2. The phase-locked loop of claim 1 wherein said control means is
comprised of:
a current source connected to said variable impedance for changing
the impedance of said variable impedance as a function of current;
and
a charging circuit connected in circuit with said current source,
said charging circuit being activated when the phase-locked loop is
within the acquisition range of said narrow loop filter for causing
the current flow in said current source to increase smoothly.
3. The phase-locked loop of claim 2 wherein said variable impedance
means is a field effect transistor the gate of which is connected
in circuit to said current source, the drain of which is connected
in circuit to the output of said wide loop filter, the source of
which is connected in circuit to the output of said narrow loop
filter and the resistance of which is a function of the voltage
applied to said gate.
4. The phase-locked loop of claim 3 also including a pair of diodes
for connecting the drain and the source, respectively, of said
field effect transistor to said current source.

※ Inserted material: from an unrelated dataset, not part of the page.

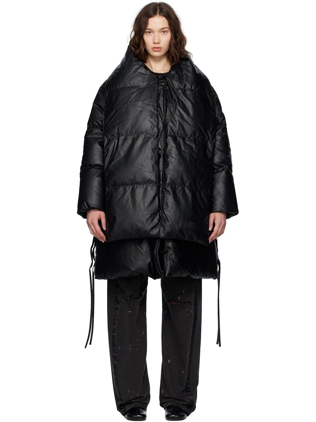 Down-filled and quilted faux-leather jacket. · Integrated logo-embroidered scarf at collar · Two-way zip closure with press-stud placket · Flap pockets · Self-tie fastening at waist · Inset rib-knit cuffs · White stitching at back collar · Full viscose satin lining Supplier color: Black Fill: 90% duck down, 10% duck feather. Body: 100% viscose. Trim: 100% polyurethane. Lining: 100% viscose. Made in Italy 252188F061002

5. A phase-locked loop for recovering a periodic signal from a
received signal in the presence of noise and other undesired signal
components comprising in combination:
a phase detector having an input for receiving said received
signal;
a variable frequency oscillator for providing a variable frequency
signal to an input of said phase detector, the frequency of said
variable frequency signal being determined by a control signal;
a narrow loop filter for cutting off signals having a frequency
above a first value connected to receive the output of said phase
detector;
a first amplifier connecting the output of said narrow loop filter
to the input of said variable frequency oscillator at all
times;
a wide loop filter for cutting off signals having a frequency above
a second value, with said second value being substantially greater
than said first value, said wide loop filter connected to receive
the output of said phase detector;
a second amplifier connected to receive the output of said wide
loop filter;
a variable impedance means connected between the output of said
second amplifier and the output of said narrow loop filter; and
a control means for increasing or decreasing the impedance of said
variable impedance means at a controlled rate so as to smoothly
shift emphasis of control of the variable frequency oscillator from
the wide loop filter to the narrow loop filter for accurate and
smooth phase locking.
6. A phase-locked loop for recovering a periodic signal from a
received signal in the presence of noise and other undesired signal
components comprising in combination:
a phase detector having an input for receiving said received
signal;
a variable frequency oscillator for providing a variable frequency
signal to an input of said phase detector, the frequency of said
variable frequency signal being determined by a control signal;
a narrow loop filter for cutting off signals having a frequency
above a first valve connected to receive the output of said phase
detector;
a wide loop filter for cutting off signals having a frequency above
a second value, with said second value being substantially greater
than said first value, said wide loop filter connected to receive
the output of said phase detector;
a first amplifier connecting the output of said narrow loop filter
to the input of said variable frequency oscillator at all
times;
a second amplifier connected to receive the output of said wide
loop filter;
a current source;
a charging circuit connected in circuit with said current source,
said charging circuit being activated when the phase-locked loop is
within acquisition range of said narrow loop filter for causing the
current flow in said current source to increase; and
a field effect transistor the gate of which is connected in circuit
to said current source, the drain of which is connected to the
output of said second amplifier, the source of which is connected
to the output of the narrow loop filter, and the resistance of
which is a function of the voltage applied to said gate.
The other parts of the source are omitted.